Requirement » Please repeat the lines below, exactly and only, from the one that holds "产品规格:750ML ;(大壶900ML定制款) 产品材质:内胆底316不锈钢,内胆壁体304不锈钢" through the one that holds "상기 예시와 같이 선형".

Input material »

------------------------------

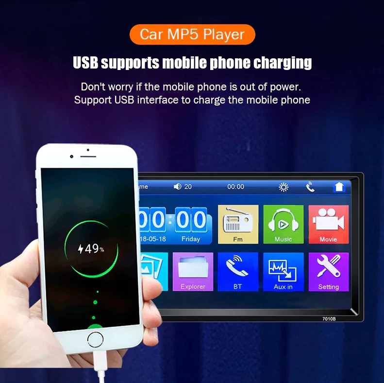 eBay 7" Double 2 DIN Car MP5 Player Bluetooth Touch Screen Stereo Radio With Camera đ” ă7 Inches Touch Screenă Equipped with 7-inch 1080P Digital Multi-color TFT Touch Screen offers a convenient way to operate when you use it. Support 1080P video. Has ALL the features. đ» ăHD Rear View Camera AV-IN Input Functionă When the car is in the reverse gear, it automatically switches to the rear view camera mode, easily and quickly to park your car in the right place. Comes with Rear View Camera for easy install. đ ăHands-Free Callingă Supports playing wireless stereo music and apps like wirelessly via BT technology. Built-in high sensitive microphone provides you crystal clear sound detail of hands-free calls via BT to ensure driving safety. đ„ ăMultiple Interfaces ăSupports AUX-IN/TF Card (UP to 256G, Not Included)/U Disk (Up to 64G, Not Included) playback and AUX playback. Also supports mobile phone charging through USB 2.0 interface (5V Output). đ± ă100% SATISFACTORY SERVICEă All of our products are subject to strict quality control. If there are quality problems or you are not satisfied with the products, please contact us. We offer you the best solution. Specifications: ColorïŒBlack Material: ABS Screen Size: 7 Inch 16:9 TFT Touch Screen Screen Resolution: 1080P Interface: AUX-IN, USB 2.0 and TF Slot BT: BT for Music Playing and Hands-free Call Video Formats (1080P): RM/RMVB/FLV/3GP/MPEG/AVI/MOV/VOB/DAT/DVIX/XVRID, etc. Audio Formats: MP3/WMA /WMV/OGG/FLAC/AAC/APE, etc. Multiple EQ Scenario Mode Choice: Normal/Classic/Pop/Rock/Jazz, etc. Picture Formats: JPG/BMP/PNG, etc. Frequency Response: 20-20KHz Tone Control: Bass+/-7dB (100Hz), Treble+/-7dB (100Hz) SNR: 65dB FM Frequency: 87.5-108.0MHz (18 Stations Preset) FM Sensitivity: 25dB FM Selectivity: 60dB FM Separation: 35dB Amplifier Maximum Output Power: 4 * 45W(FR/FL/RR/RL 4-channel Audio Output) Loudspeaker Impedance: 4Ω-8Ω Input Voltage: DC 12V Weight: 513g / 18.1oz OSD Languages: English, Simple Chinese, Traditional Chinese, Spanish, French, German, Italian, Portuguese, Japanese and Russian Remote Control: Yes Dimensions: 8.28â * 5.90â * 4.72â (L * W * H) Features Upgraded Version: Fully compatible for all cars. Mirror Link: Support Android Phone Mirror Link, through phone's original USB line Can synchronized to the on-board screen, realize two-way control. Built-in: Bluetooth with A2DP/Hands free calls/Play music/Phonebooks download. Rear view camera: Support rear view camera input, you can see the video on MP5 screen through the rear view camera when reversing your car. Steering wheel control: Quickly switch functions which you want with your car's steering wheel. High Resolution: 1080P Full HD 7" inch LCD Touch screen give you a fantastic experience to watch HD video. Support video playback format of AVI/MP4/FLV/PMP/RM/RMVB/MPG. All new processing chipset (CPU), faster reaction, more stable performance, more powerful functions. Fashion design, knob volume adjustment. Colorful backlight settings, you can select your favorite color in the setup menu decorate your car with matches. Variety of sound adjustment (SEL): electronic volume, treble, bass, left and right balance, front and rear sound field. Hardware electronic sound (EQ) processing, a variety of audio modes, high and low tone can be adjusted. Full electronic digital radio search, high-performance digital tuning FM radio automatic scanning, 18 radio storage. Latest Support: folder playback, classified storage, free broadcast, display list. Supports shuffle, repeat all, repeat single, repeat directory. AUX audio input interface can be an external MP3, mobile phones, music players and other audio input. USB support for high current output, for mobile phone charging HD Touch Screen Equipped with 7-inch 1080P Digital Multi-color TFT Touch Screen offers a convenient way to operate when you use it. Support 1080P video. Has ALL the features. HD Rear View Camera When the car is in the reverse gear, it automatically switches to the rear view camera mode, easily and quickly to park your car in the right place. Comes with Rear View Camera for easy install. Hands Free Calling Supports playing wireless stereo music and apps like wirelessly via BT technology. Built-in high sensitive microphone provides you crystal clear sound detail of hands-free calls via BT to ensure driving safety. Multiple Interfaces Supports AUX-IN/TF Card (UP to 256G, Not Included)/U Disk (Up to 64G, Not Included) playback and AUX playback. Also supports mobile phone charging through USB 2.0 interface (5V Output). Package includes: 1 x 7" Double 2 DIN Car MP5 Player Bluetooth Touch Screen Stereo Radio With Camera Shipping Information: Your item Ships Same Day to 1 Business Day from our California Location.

------------------------------

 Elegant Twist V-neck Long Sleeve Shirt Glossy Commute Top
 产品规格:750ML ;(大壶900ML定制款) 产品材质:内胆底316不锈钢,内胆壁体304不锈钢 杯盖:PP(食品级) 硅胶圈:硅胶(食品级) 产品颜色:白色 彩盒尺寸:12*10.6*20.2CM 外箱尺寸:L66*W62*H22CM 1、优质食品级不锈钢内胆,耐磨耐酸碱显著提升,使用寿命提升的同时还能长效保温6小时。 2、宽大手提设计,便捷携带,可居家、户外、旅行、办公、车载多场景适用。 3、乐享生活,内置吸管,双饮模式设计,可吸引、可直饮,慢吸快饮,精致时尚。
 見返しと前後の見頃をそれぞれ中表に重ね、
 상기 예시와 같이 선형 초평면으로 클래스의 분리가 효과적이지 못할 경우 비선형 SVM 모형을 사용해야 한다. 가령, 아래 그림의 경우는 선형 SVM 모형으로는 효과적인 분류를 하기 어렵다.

------------------------------

Solved problem »
 产品规格:750ML ;(大壶900ML定制款) 产品材质:内胆底316不锈钢,内胆壁体304不锈钢 杯盖:PP(食品级) 硅胶圈:硅胶(食品级) 产品颜色:白色 彩盒尺寸:12*10.6*20.2CM 外箱尺寸:L66*W62*H22CM 1、优质食品级不锈钢内胆,耐磨耐酸碱显著提升,使用寿命提升的同时还能长效保温6小时。 2、宽大手提设计,便捷携带,可居家、户外、旅行、办公、车载多场景适用。 3、乐享生活,内置吸管,双饮模式设计,可吸引、可直饮,慢吸快饮,精致时尚。
 見返しと前後の見頃をそれぞれ中表に重ね、
 상기 예시와 같이 선형 초평면으로 클래스의 분리가 효과적이지 못할 경우 비선형 SVM 모형을 사용해야 한다. 가령, 아래 그림의 경우는 선형 SVM 모형으로는 효과적인 분류를 하기 어렵다.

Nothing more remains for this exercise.